The reason software companies hate resale is because there’s no hardware. Most software can be run without the CD, and even if the company builds a CD check there’s tons of ways around it. So I can install software and sell the disk to somebody and still use the software. So selling it just means more people using it without paying the company, and it gives me no compelling reason to buy the next version.
One of the arguments in the case was the software that was sold at the garage sale should have been destroyed or returned as part of a company wide software upgrade agreement with Autodesk. If that were the case, one would think there would be a not for resale sticker or something etched on the box..
Old, what about the software that is now required to operate any car? Can’t function without it. If I recall correctly there was a suit about the software and the right of independent service providers to have access to the software which is required to make the vehicle function.
Don’t recall the outcome, but must have had broad implications.
Actually movies and software are different according to the courts. At least they have fought over the colorization of black and white movies and parents wanting to edit out objectional scenes. On the other hand apparently once you buy a book, you are free to tear pages out that you don’t like.
Crazy times we live in, all because congress refused to follow the constitution on copyright and patent expiration law. All to protect Mickey Mouse from being used in Porno, which as I recall was available 60s ago.
If I recall, most software has a seal, that reads if you open this seal, you are agreeing to the license agreement, so now I guess all you have to do is read the warning on the seal, which means every box of software I pick up from the store shelf is now unsalable. Cool.
The death of common sense leads to this nonsense.
First, I would say that this decisions seems - on its face - farcical. But, like I said, it's really not my area of law, so I'm trying to not comments on the merits of the case.
Second, I do remember that lawsuit you're describing. It had something to do with just reading or accessing the software with 3rd party provided equipment, and that was being challenged by the manufacturers.
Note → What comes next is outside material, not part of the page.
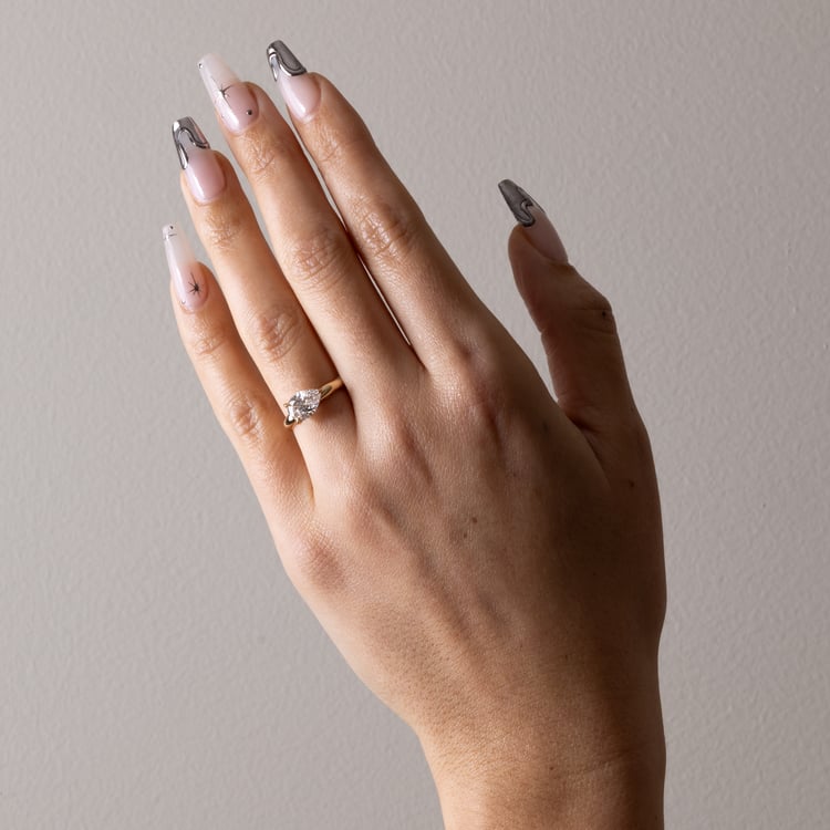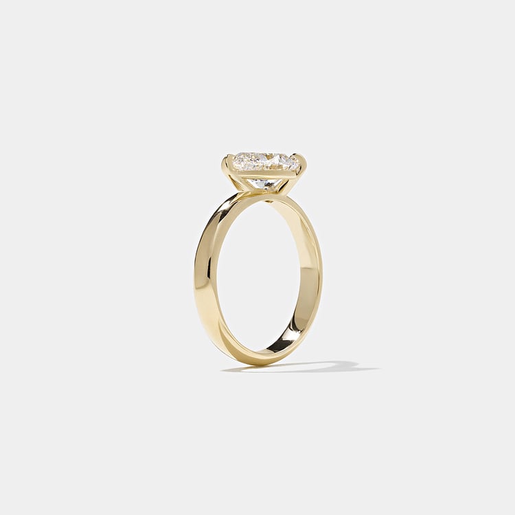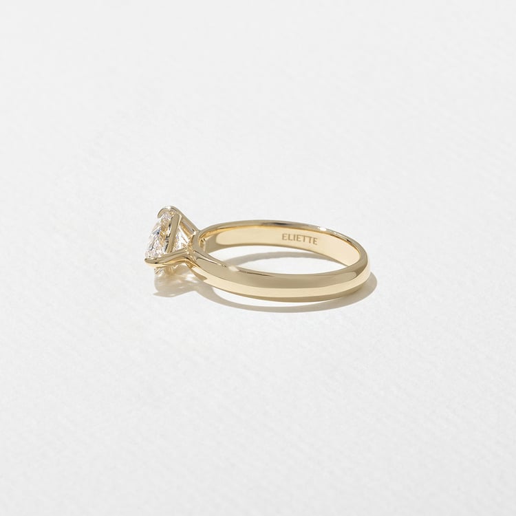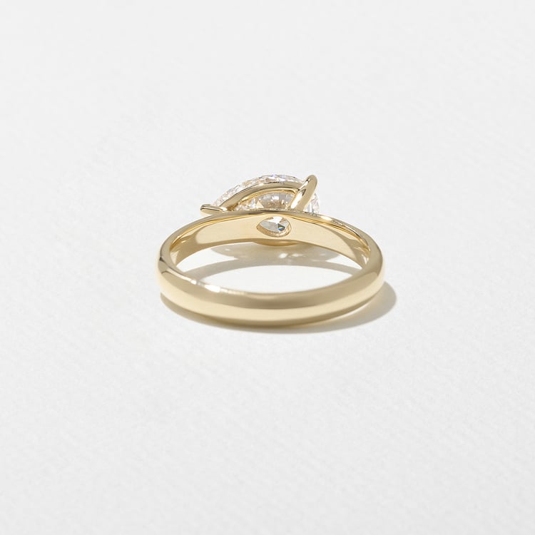 Your James can be set with a Pear-cut diamond between 0.90ct and 6.0ct. Not sure what size is right for you? Select your diamond and order a resin print of your ring to try on at home.

I don't know how that lawsuit was resolved, or even if it was resolved, yet.
I do a lot of software as well, but it tends to be custom one-off stuff, so it's a whole other perspective both for me and for my customers than large or small-volume retail software.
The broken seal agreeing to license terms thing has been thrown out by the courts multiple times. Largely because the license terms can’t be read without breaking the seal and you can’t make people agree to something they can’t possibly have read. That doesn’t stop companies from putting those stickers on, but much like disclaimers those stickers are completely unenforceable.